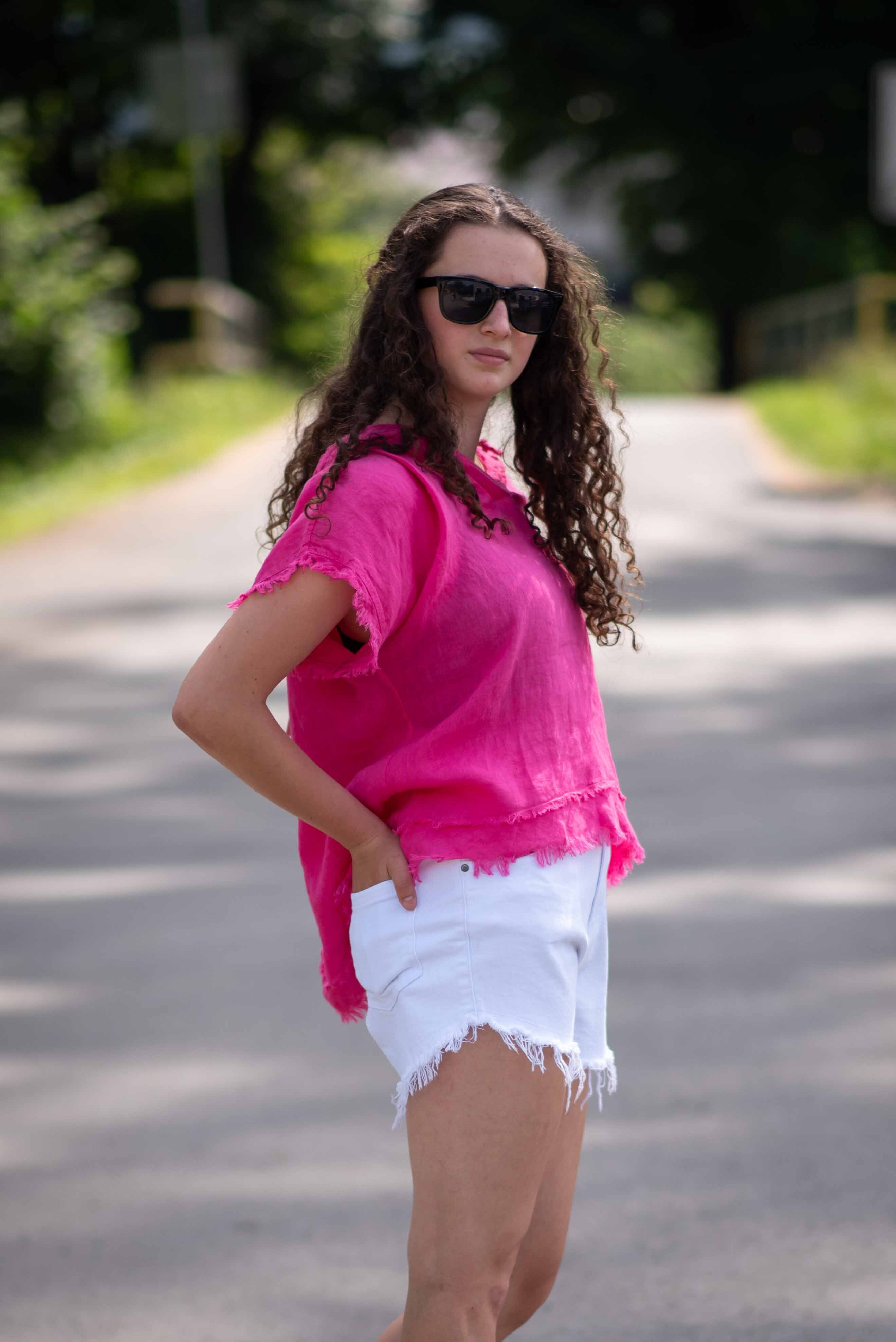 Módní džínové šortky ve spodní částí s trendy třepením, bez zakončení lemem. Itálie
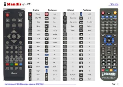 Cette télécommande remplace entièrement votre DTT4160 (RT4160) et offre toutes les fonctions de l'originale.
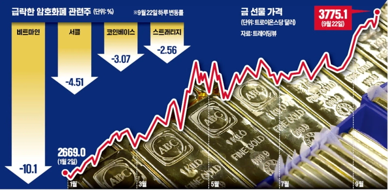 국제 금값이 연일 사상 최고치를 경신하자 글로벌 자금이 암호화폐에서 금으로 대거 이동하고 있다는 관측도 나온다. 도널드 트럼프 미국 행정부의 불확실한 관세정책 속에서 투자자의 안전 자산 선호 현상이 뚜렷해진 가운데, 미국 중앙은행(Fed)이 연말까지 기준금리를 추가로 인하할 것이라는 기대가 금값을 밀어올리고 있다.
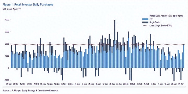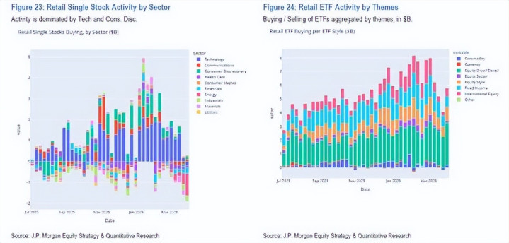 凭证摩根大通最新文牍,3月好意思股散户总购买量较1月历史峰值下滑近50%。上周三市集出现阶段性反弹,散户流入数据虽全体尚可,但结构上彰着偏向固定收益ETF而非职权钞票——这意味着散户的风险偏好正抓续削弱,而非随行情回暖而开采。
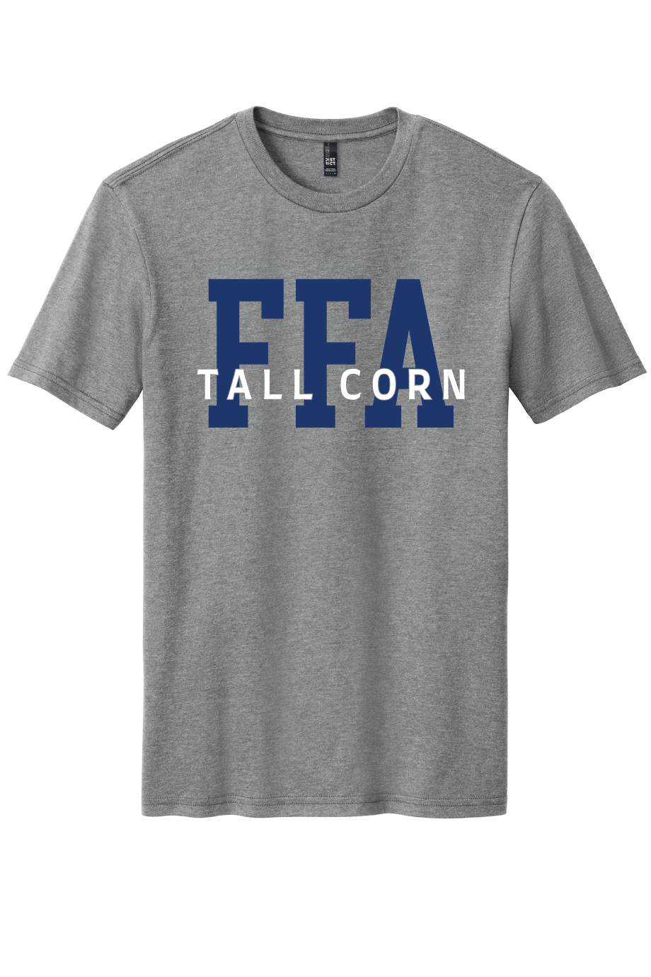 District Perfect Blend cvc short sleeve tee printed with the Tall Corn logo on the front and back. Available in unisex adult and youth sizes.
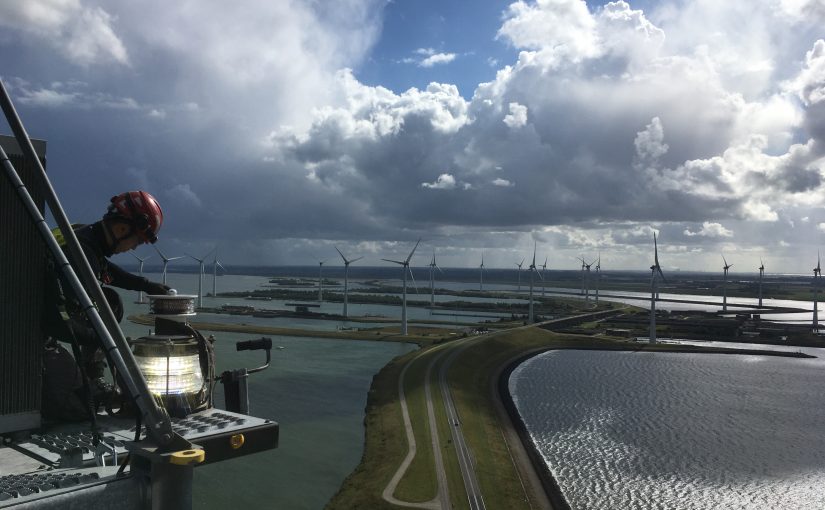 Foto: Monteur vervangt verlichting windturbine Windpark Krammer
•••••
Exercise aim:
Give again exactly the lines from the one holding "凭证摩根大通最新文牍,3月好" to the final line of the records, both ends included, and nothing more. Pictures do not belong in the copy.

Exercise output:
 凭证摩根大通最新文牍,3月好意思股散户总购买量较1月历史峰值下滑近50%。上周三市集出现阶段性反弹,散户流入数据虽全体尚可,但结构上彰着偏向固定收益ETF而非职权钞票——这意味着散户的风险偏好正抓续削弱,而非随行情回暖而开采。
 District Perfect Blend cvc short sleeve tee printed with the Tall Corn logo on the front and back. Available in unisex adult and youth sizes.
 Foto: Monteur vervangt verlichting windturbine Windpark Krammer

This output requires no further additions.